# How Fast is Your Fast?



## bikerbert (Jan 28, 2005)

Find out Saturday December 20. We will do a contra la mantra from the corner of Purissima and Elena to Natoma to Black Mountain to Altamont. 

Three trips up with the average of the three being your score. The results are going up on our bragging rights board at the studio, and on our website.

We will leave from Peet's in downtown Los Altos at 10am.

Al


----------



## thien (Feb 18, 2004)




----------



## bikerbert (Jan 28, 2005)

This is a great commercial! Have you seen Terry Tatum Office Linebacker? Hilarious.


----------



## thien (Feb 18, 2004)

bikerbert said:


> This is a great commercial! Have you seen Terry Tatum Office Linebacker? Hilarious.

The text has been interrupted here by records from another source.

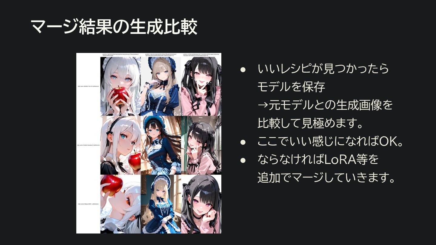 マージ結果の生成比較 • いいレシピが見つかったら モデルを保存 →元モデルとの生成画像を 比較して見極めます。 • ここでいい感じになればOK。 • ならなければLoRA等を
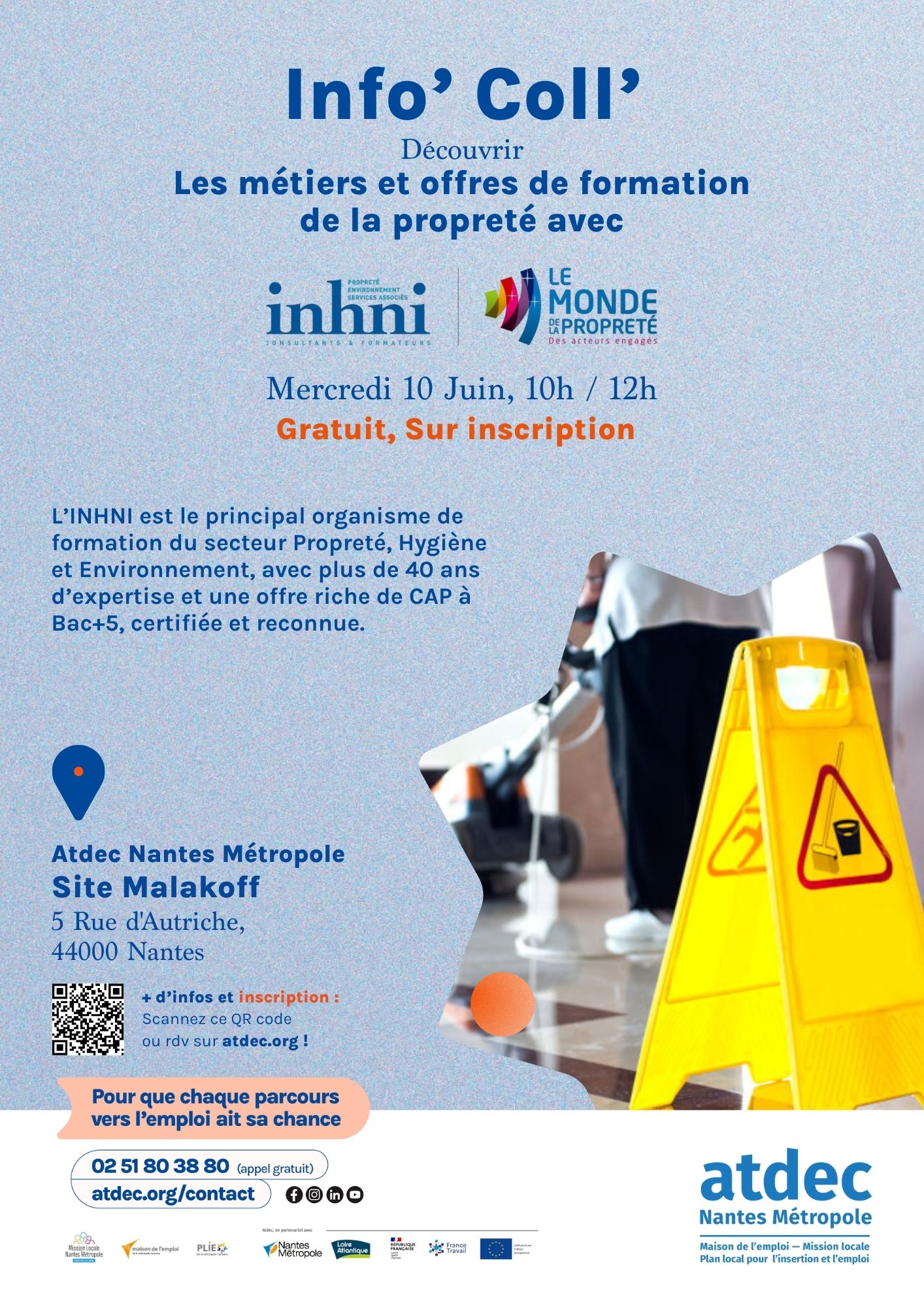 Tu es curieux·se, motivé·e, en recherche de formation ou de reconversion ? L’INHNI, organisme de formation dans les secteurs de l’hygiène, de la propreté et de l’environnement, t’invite à une information collective sur le site de l’ATDEC Malakoff !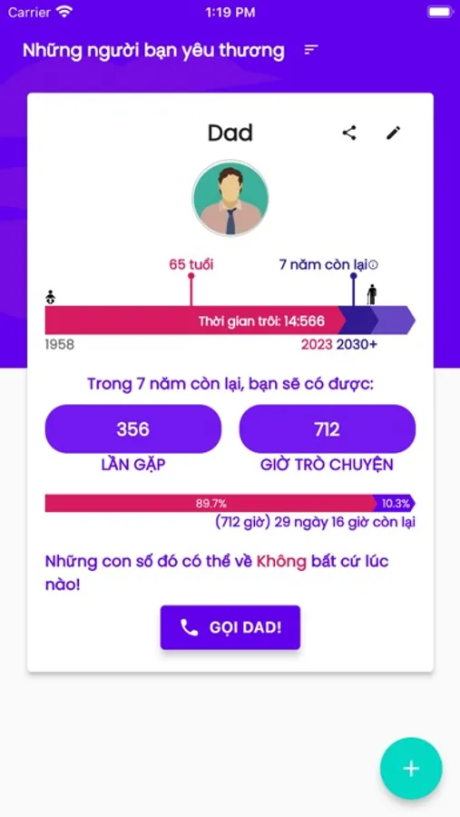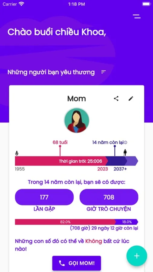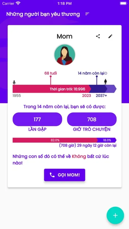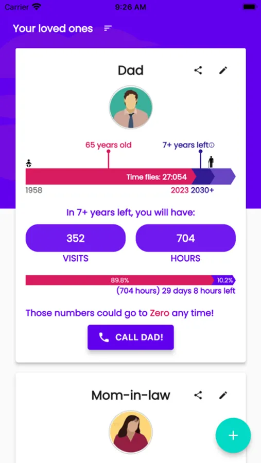You input the estimated number of visits and hours that you plan to spend with your loved ones. Based on the average age of your loved ones, we’ll calculate the remaining visits and hours that you could visit/talk to your loved ones. Those numbers could be surprisingly small and that makes you aware of the time that you spend with your loved ones.

Yeah, that ones hilarious!! :thumbsup:


----------



## bikerbert (Jan 28, 2005)

We had a great ride! 10 people showed up to see how fast they were, and we had people do the climb between 7:35 and 14 minutes. Be on the lookout for the next one!


----------



## Gee3 (Jan 31, 2006)

Missed the ride but it looks like my fast would be your slow, compared to many on here! haha!


----------



## bikerbert (Jan 28, 2005)

We will be doing it again soon!!


----------